Brake Power Availability Led Optimisation of P0 versus P2 48V Hybrid Powertrain Architectures

Through improving the 48V hybrid vehicle archetype, governmental emission targets could be more easily met without incurring the high costs associated with increasing levels of electrification. The braking energy recovery function of hybrid vehicles is recognised as an effective solution to reduce emissions and fuel consumption in the short to medium term. The aim of this study was to evaluate methods to maximise the braking energy recovery capability of the 48V hybrid electric vehicle over pre-selected drive cycles using appropriately sized electrified components. The strategy adopted was based upon optimising the battery chemistry type via specific power capability, so that overall brake power is equal to the maximum battery charging power in a typical medium-sized passenger car under typical driving. This will maximise the regenerative braking energy whilst providing a larger torque assistance for a lower battery capacity. Dynamic simulation models were developed using GT-DRIVE software, emulating a mid-sized car with a 48V battery, and different turbocharged gasoline engines with motor-generator unit positions along a drivetrain. The 1.3 kWh battery pack was developed using a 14 Ah Lithium Iron Phosphate cell arranged in a 14 series 2 parallel configuration. A fuel economy comparison was produced using the FTP, WLTP, and HEFET drive cycles.
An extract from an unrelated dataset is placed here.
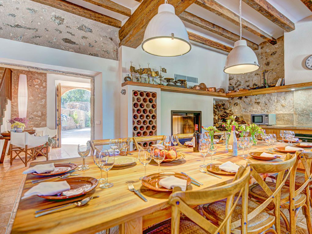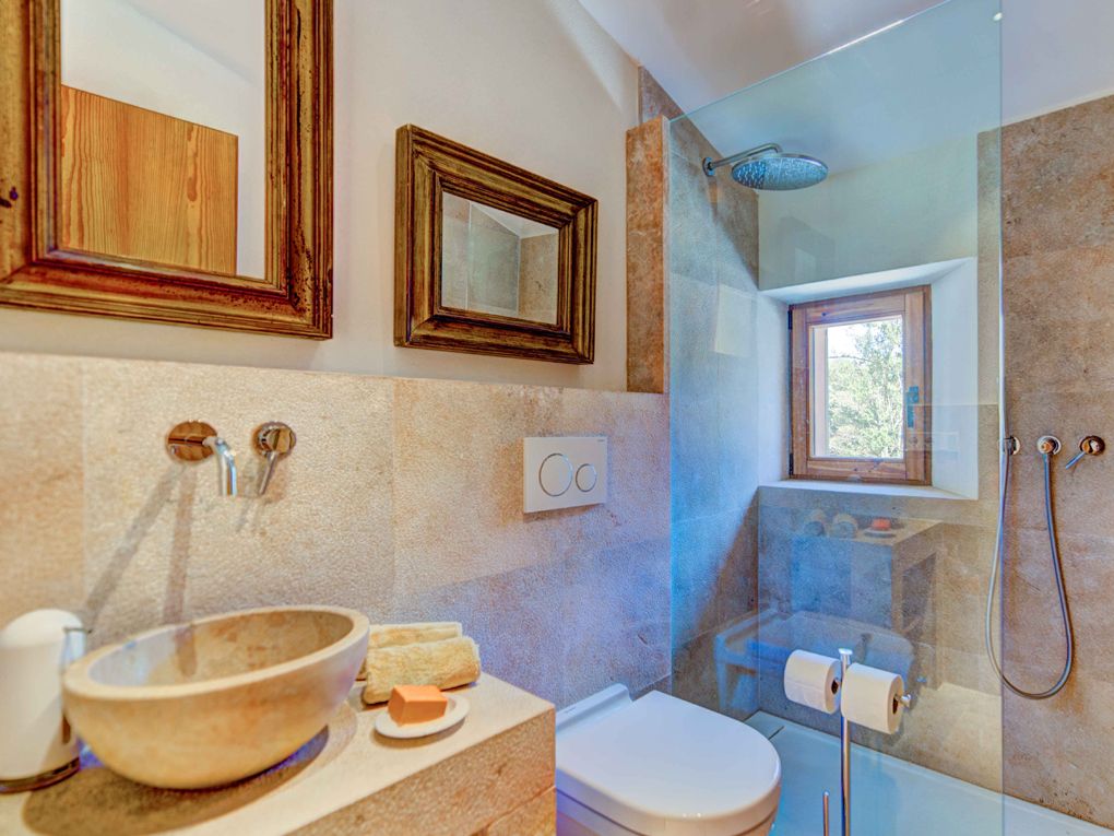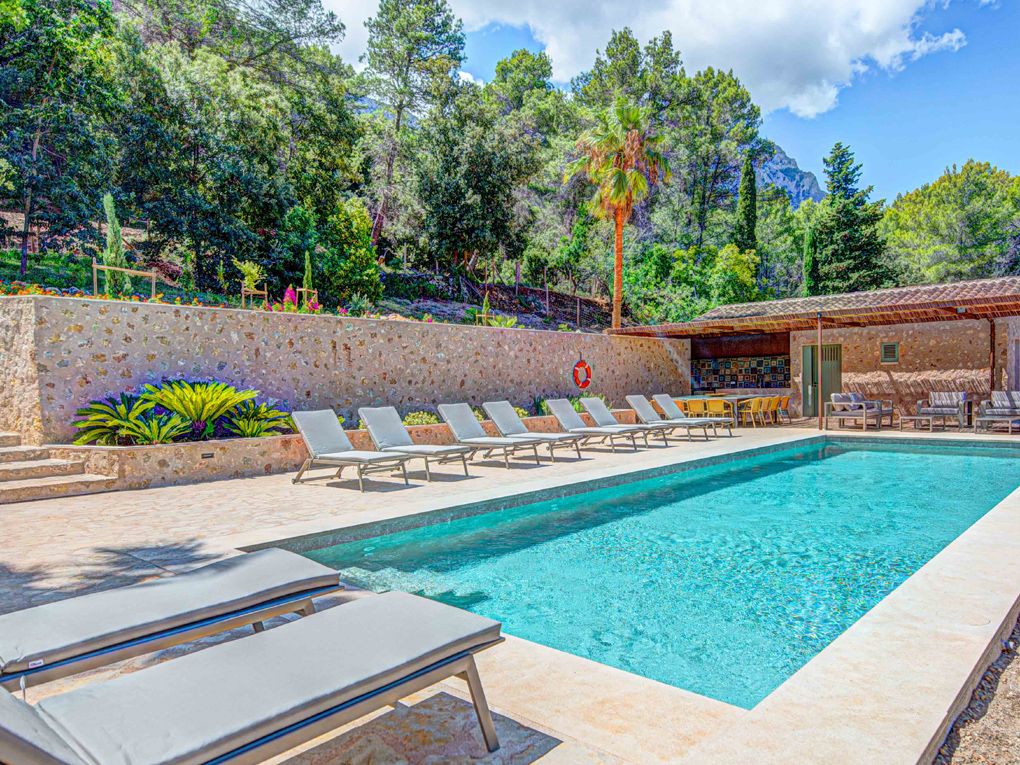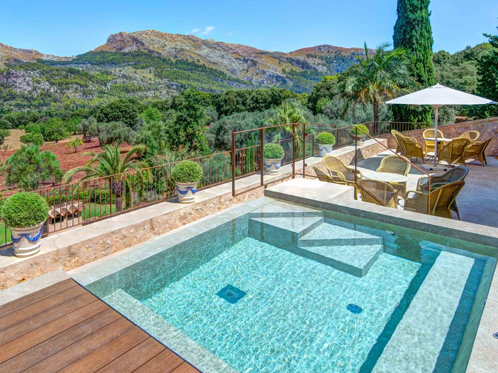 Exclusieve finca in Vall d'en March In het hart van de majestueuze Serra de Tramuntana ligt deze uitzonderlijke finca in Vall d'en March - een van de meest idyllische en exclusieve valleien in het noorden van Mallorca. Omgeven door eeuwenoude olijf- en steeneikbossen biedt het rust, privacy en ongeëvenaarde natuurlijke schoonheid. De voormalige oliemolen uit de 16e eeuw is omgetoverd tot een droomhuis dat Mallorcaanse traditie combineert met moderne luxe. Bij de recente renovatie is het historische karakter behouden, aangevuld met de beste materialen, precisie vakmanschap en elegante details. De woning is uitgerust met state-of-the-art huistechnologie, geïntegreerde airconditioning, designarmaturen en hoogwaardige apparatuur. Op maat gemaakte meubels en zorgvuldig geselecteerde kunstwerken benadrukken de exclusieve sfeer, terwijl houten en terracotta vloeren en zichtbare stenen muren warmte en authenticiteit uitstralen. De uitgestrekte tuin en boomgaard vormen een oase van rust, versierd met beeldhouwwerken en mediterrane retraites. Het 14 meter lange overloopzwembad past harmonieus in het landschap, omringd door een elegant zonneterras met pergola. Een aparte bungalow suite biedt extra privacy en comfort. Zes stijlvolle slaapkamers met en-suite badkamers zijn verdeeld over twee verdiepingen. Bijzonder opmerkelijk is de voormalige oliemolenkamer - nu een ruime woonkamer met een indrukwekkende open haard. De moderne keuken met eethoek voor twaalf personen leidt naar drie eetzones: binnen, in de keuken en buiten met barbecue en houtoven. Op het bovenste terras nodigt een bubbelbad met panoramisch uitzicht op de bergen je uit om te genieten van spectaculaire zonsondergangen.Voorzieningen

When the motor-generator unit was attached via a synchronous belt, a 10-17% fuel saving was achieved in the WLTP drive cycle. Comparatively, when placing the electric machine after the clutch in a “P2” position, a 17-21% fuel saving was attained. The energy loss analysis of both P2 and P0 configurations revealed up to 7% overall reduction in total energy losses for the P2 setup. This was despite an increase in the motor-generator unit and battery losses due to the extended use of both in the electric-only mode capability with the P2 layout.